┌────────

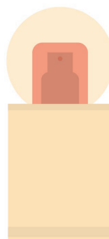
La fille de l'air by Courrèges Perfumer : Fabrice Pellegrin
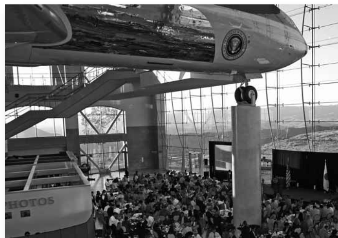
97th Anniversary Dinner, "Dining under the wings of Air Force One," July 15, 2006.
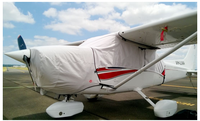
Cessna 172 Canopy & Engine Covers
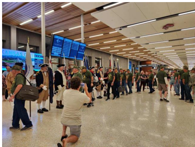
Returning Veterans are welcomed the MOSSAR and KSSAR Color Guards.
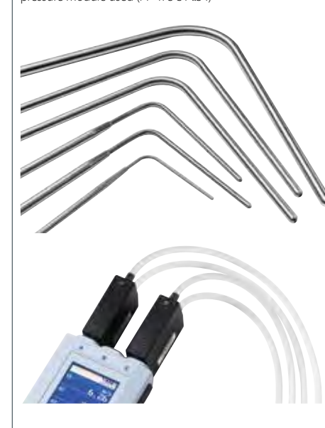
... Details in data sheet HD 31.

Measuring ranges, 2..40 m/s to 2..130 m/s, depending on the probe design (T1 to T4) and the SICRAM differential pressure module used (PP 473 S1 ..S4)
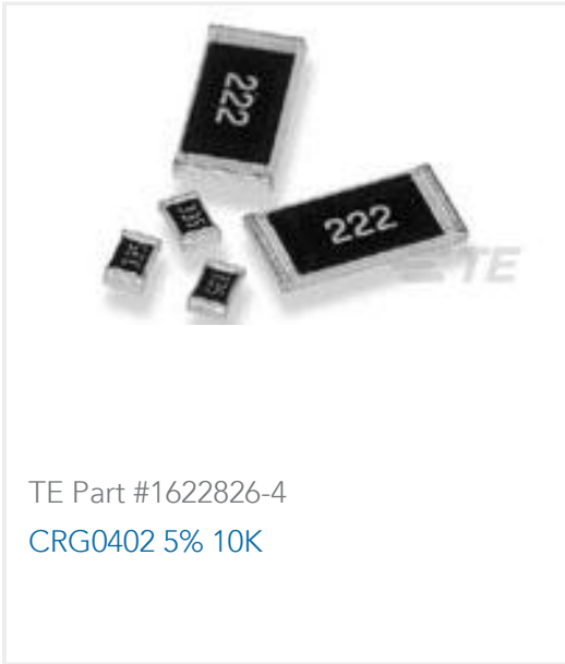
TE Part #1622826-4 CRG0402 5% 10K
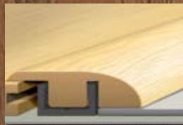
Reducer Strip | SVRED
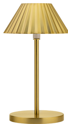
Item No. 769203 LED CORDLESS LAMP BRUSHED GOLD
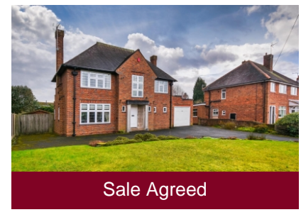
61 Brickbridge Lane, Wombourne, Wolverhampton
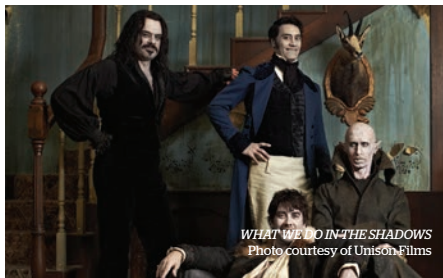
WHAT WE DO IN THE SHADOWS

Director: Himiona Grace. New Zealand. 2014. 93 min. SEP. 13 at 1pm • SEP. 17 at 7:30pm
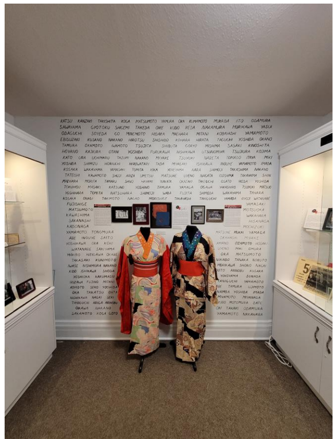
Photos from 2022's special exhibitions, Sisu (left) and What Was Taken (right).
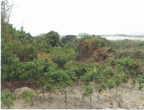
1. Zone North East ( S to N)
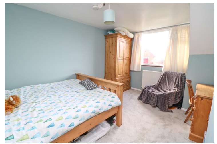
14' 3" x 10' 5" (4.34m x 3.17m) With window to front, radiator.
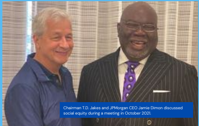
Chairman T.D. Jakes and JPMorgan CEO Jamie Dimon discussed social equity during a meeting in October 2021.

Conscious Capitalism provides executives with innovative and inspiring experiences designed to level up their business operations and collectively demonstrate how capitalism can be used as a force for good when practiced consciously.
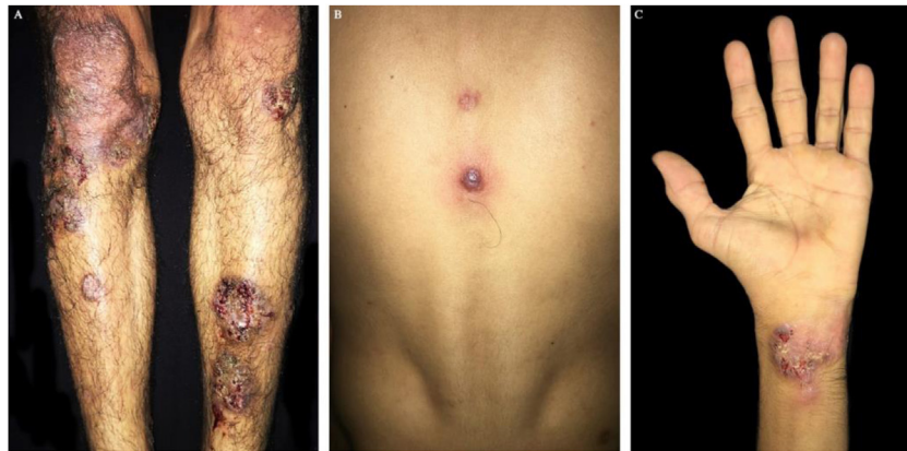
Figure 2 (A and C). Erythematous nodules ulcers with violet brownish, well-defined, slightly raised borders, cribriform in the middle on legs and hands. (B) Violet papule with central vesiculation on the back dorsum.
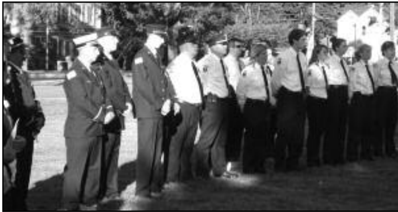
(above) Watchung's Fire and Rescue Squad.
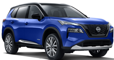
Caspian Blue with black roof #~
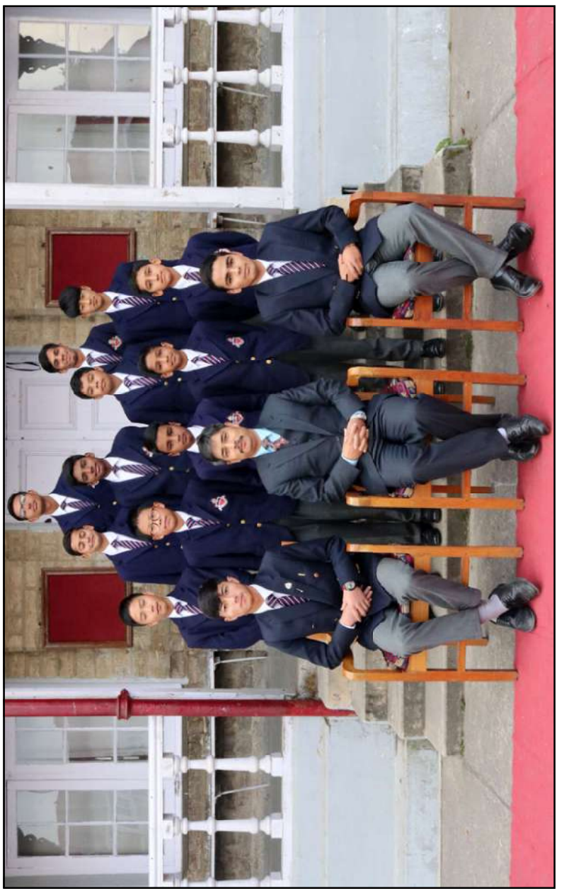
Table Tennis 2018
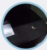
Magnetism Head Detection With LED Light Indication
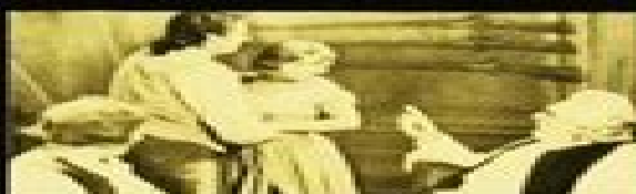
She is discovered aboard ship—a stowaway!
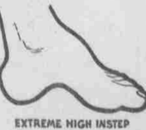
EXTREME HIGH INSTEP
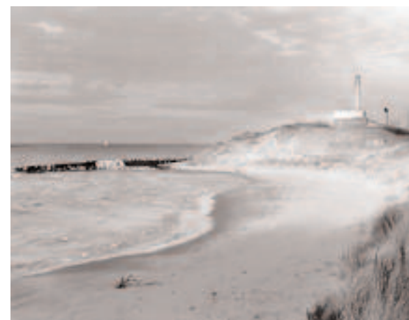
Crescent Dune near Gary, Indiana

"I want them to come and see this as an embodiment of their community," she said. "I want them to come and be proud of their community." ♦
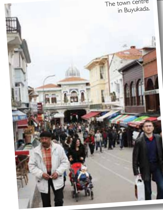
The town centre in Buyukada.

This is one of the Adalar's quietest islands, perfect for those escaping the summer crowd. For the active traveller, there are some excellent hiking trails that lead to the inland cliffs and an awe-inspiring panorama from the highest peak. Several downhill paths allow access to quiet sandy bays that are ideal for a refreshing dip and a cosy picnic.
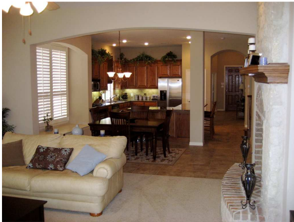
Spacious, open floor plan
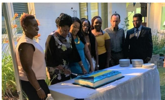
Cutting the cake
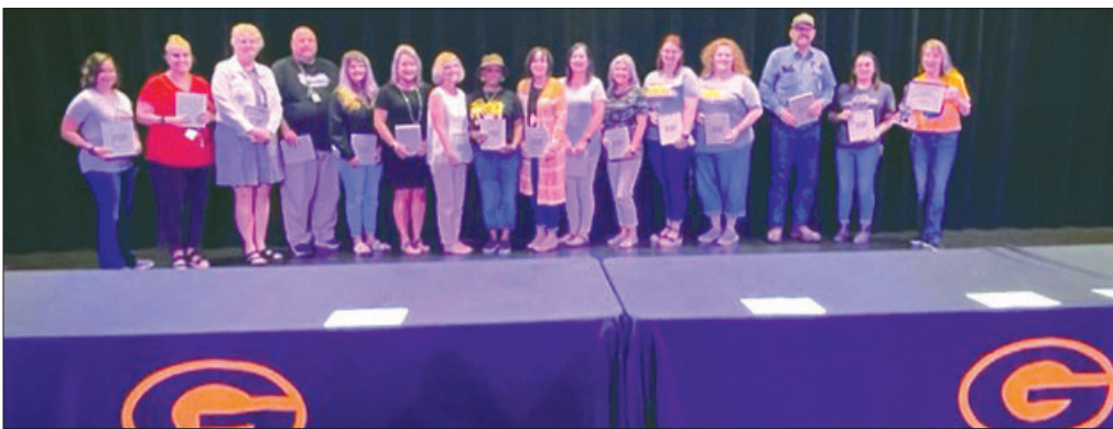
EMPLOYEES OF YEAR: GISD teachers and employees of the year for 2021-2022.
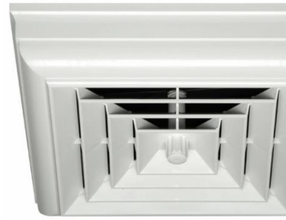
Ceiling diffuser with dump
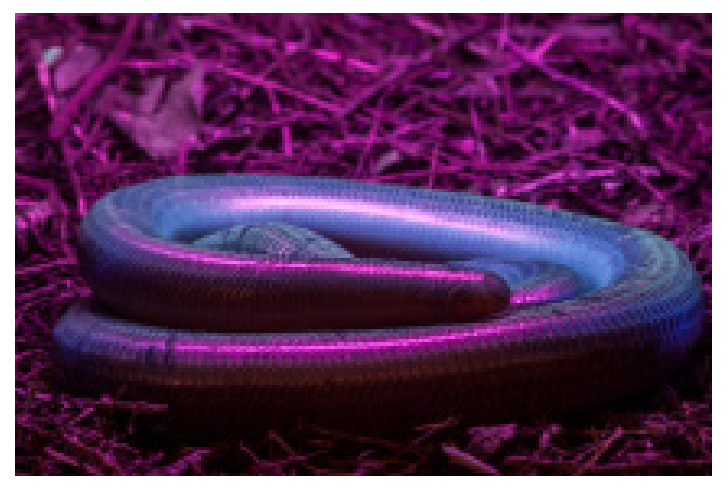
Figure 2. Anilios proximus, Beechmont, Queensland (Image lit with UV emitting LED torch) S. Eipper

22:17 AEST using only an ultraviolet emitting LED torch as the light source (See figures 1 and 2) weather and habitat conditions were not recorded.

└────────

*What to produce:*
Show all lines from the data above in which the word "their" appears.

*Reply:*
Conscious Capitalism provides executives with innovative and inspiring experiences designed to level up their business operations and collectively demonstrate how capitalism can be used as a force for good when practiced consciously.
"I want them to come and see this as an embodiment of their community," she said. "I want them to come and be proud of their community." ♦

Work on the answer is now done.